Task prompt
Write out each record exactly as it stands. No pictures belong in the copy.
====
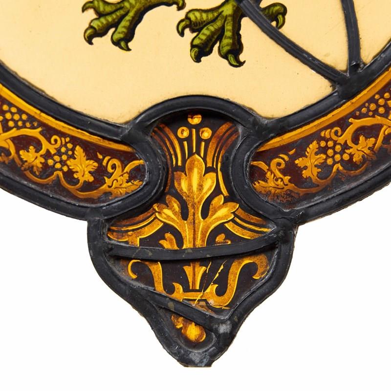An armorial stained glass panel depicting the vivid scene of a beastly dragon.
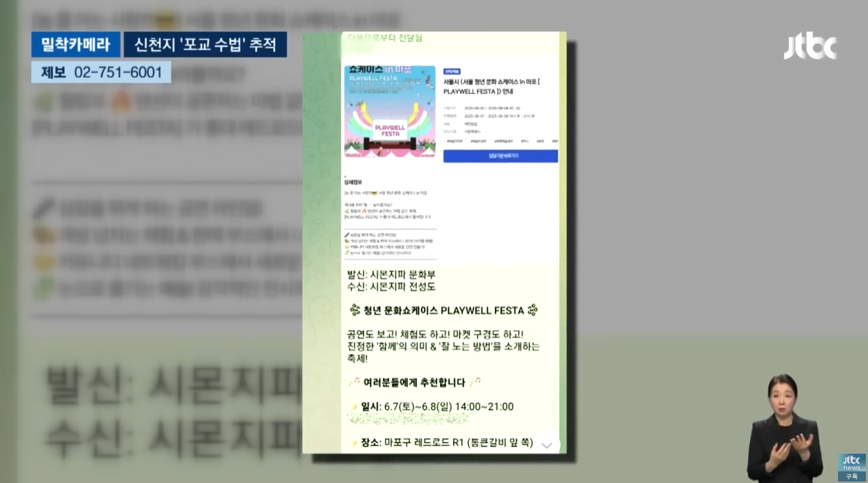 여기서 열린 ‘서울 청년 문화 쇼케이스’는 서울시에서 5천만 원을, 마포구에서 장소를 제공해 개최된 대표적 청년 행사로 포장되었습니다. 무대 위에는 20대 청년들이 자연스럽게 손을 흔들고 노래하지만, 면밀히 들여다보면 그 구성원 대부분이 신천지 신도입니다. 지자체 지원을 등에 업은 이 숨은 작전, 그 안에서는 어떤 일이 벌어지고 있을까요? 🚩
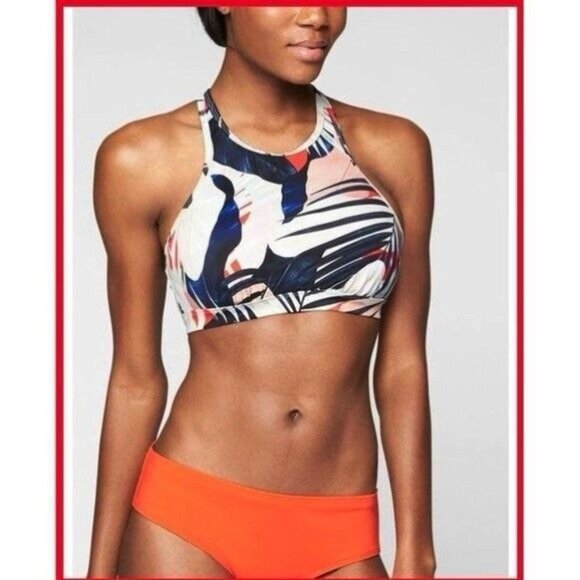 Athleta Tahitian Tropical Red Blue High Neck Swim Bikini Top Underwire Sz 32 B/C. Pre-owned in great used condition.
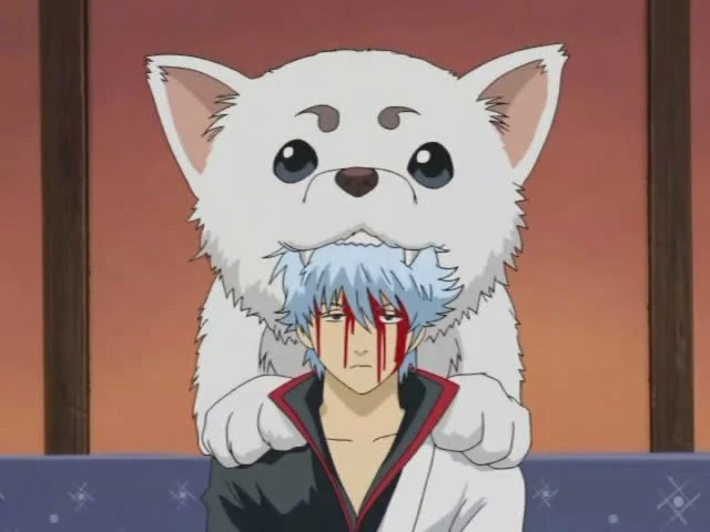 A large white dog suddenly bounds over, attempting to bite Gintoki’s head.
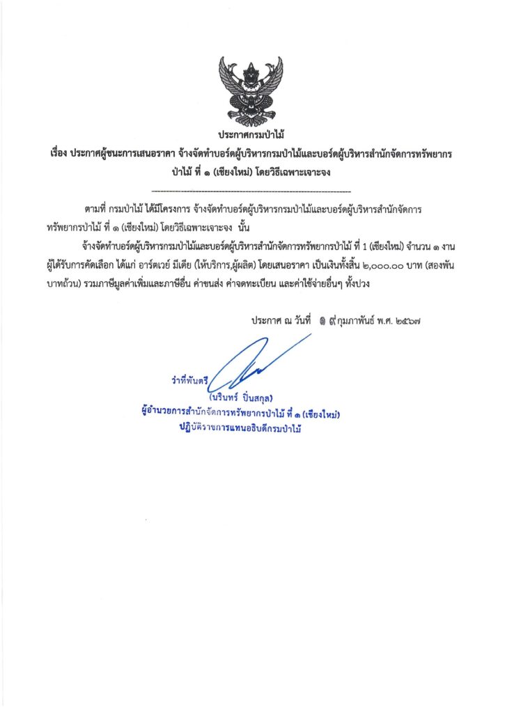 ประกาศกรมป่าไม้ เรื่อง ประกาศผู้ชนะการเสนอราคา จ้างจัดทำบอร์ดผู้บริหารกรมป่าไม้และบอร์ดผู้บริหารสำนักจัดการทรัพยากรป่าไม้ ที่ ๑ (เชียงใหม่) โดยวิธีเฉพาะเจาะจง19 กุมภาพันธ์ 2024 ใน ประกาศจัดซื้อจัดจ้าง by adminir
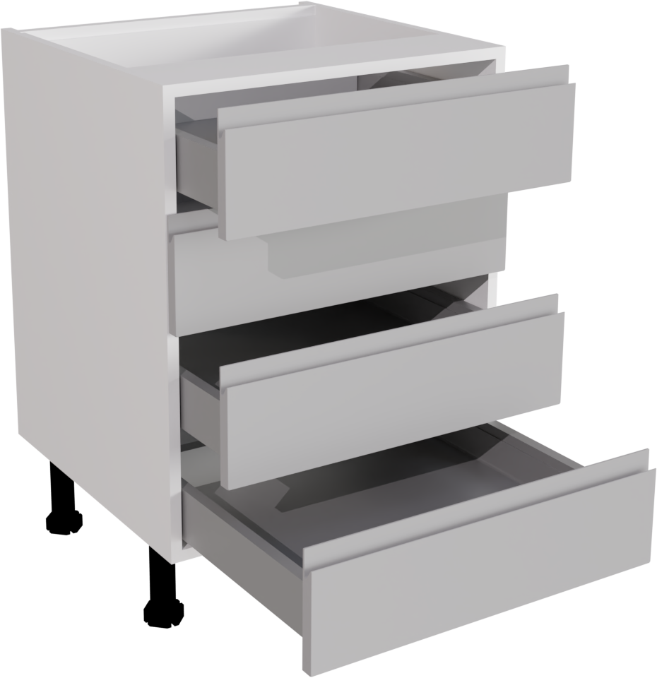 The 600mm Handleless Matt Light Grey Kitchen 4 Drawer Base Unit combines modern aesthetics and practical storage, offering versatility and elegance with its sleek design and sophisticated light grey finish, perfect for contemporary kitchen spaces.
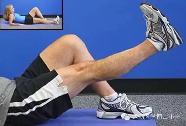 腿部尽量伸直,用力保持大腿肌肉绷紧,5秒后放松。重复10次后换另一条腿。
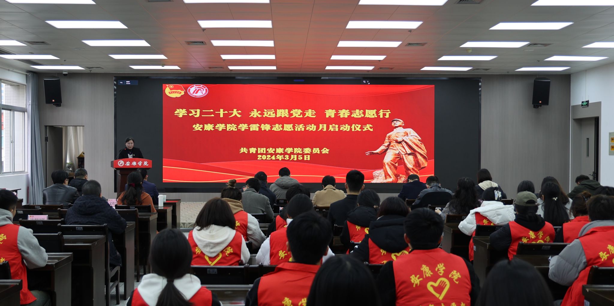 3月5日下午,yl23455在江南校区图书馆报告厅举办“学习二十大 永远跟党走 青春志愿行”学雷锋志愿活动月启动仪式。副校长屈险峰,相关职能部门负责人及各二级学院党总支书记、团总支书记,学生代表参加了启动仪式。仪式由团委组宣部部长沙薇主持。
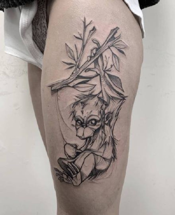 猴子纹身:好看的一组猴子猩猩主题的黑灰纹身图案
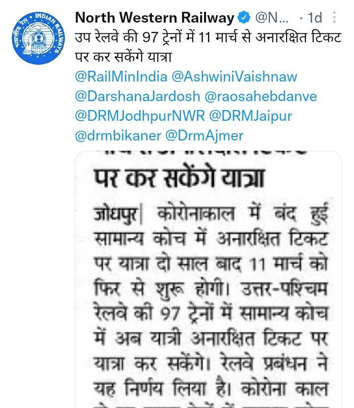अब पेंच फंस कहा रहा है? तो उत्तर पश्चिम रेल्वे के निम्नलिखित ट्विट्स पर,
====
Exercise response
An armorial stained glass panel depicting the vivid scene of a beastly dragon.
 여기서 열린 ‘서울 청년 문화 쇼케이스’는 서울시에서 5천만 원을, 마포구에서 장소를 제공해 개최된 대표적 청년 행사로 포장되었습니다. 무대 위에는 20대 청년들이 자연스럽게 손을 흔들고 노래하지만, 면밀히 들여다보면 그 구성원 대부분이 신천지 신도입니다. 지자체 지원을 등에 업은 이 숨은 작전, 그 안에서는 어떤 일이 벌어지고 있을까요? 🚩
 Athleta Tahitian Tropical Red Blue High Neck Swim Bikini Top Underwire Sz 32 B/C. Pre-owned in great used condition.
 A large white dog suddenly bounds over, attempting to bite Gintoki’s head.
 ประกาศกรมป่าไม้ เรื่อง ประกาศผู้ชนะการเสนอราคา จ้างจัดทำบอร์ดผู้บริหารกรมป่าไม้และบอร์ดผู้บริหารสำนักจัดการทรัพยากรป่าไม้ ที่ ๑ (เชียงใหม่) โดยวิธีเฉพาะเจาะจง19 กุมภาพันธ์ 2024 ใน ประกาศจัดซื้อจัดจ้าง by adminir
 The 600mm Handleless Matt Light Grey Kitchen 4 Drawer Base Unit combines modern aesthetics and practical storage, offering versatility and elegance with its sleek design and sophisticated light grey finish, perfect for contemporary kitchen spaces.
 腿部尽量伸直,用力保持大腿肌肉绷紧,5秒后放松。重复10次后换另一条腿。
 3月5日下午,yl23455在江南校区图书馆报告厅举办“学习二十大 永远跟党走 青春志愿行”学雷锋志愿活动月启动仪式。副校长屈险峰,相关职能部门负责人及各二级学院党总支书记、团总支书记,学生代表参加了启动仪式。仪式由团委组宣部部长沙薇主持。
 猴子纹身:好看的一组猴子猩猩主题的黑灰纹身图案
अब पेंच फंस कहा रहा है? तो उत्तर पश्चिम रेल्वे के निम्नलिखित ट्विट्स पर,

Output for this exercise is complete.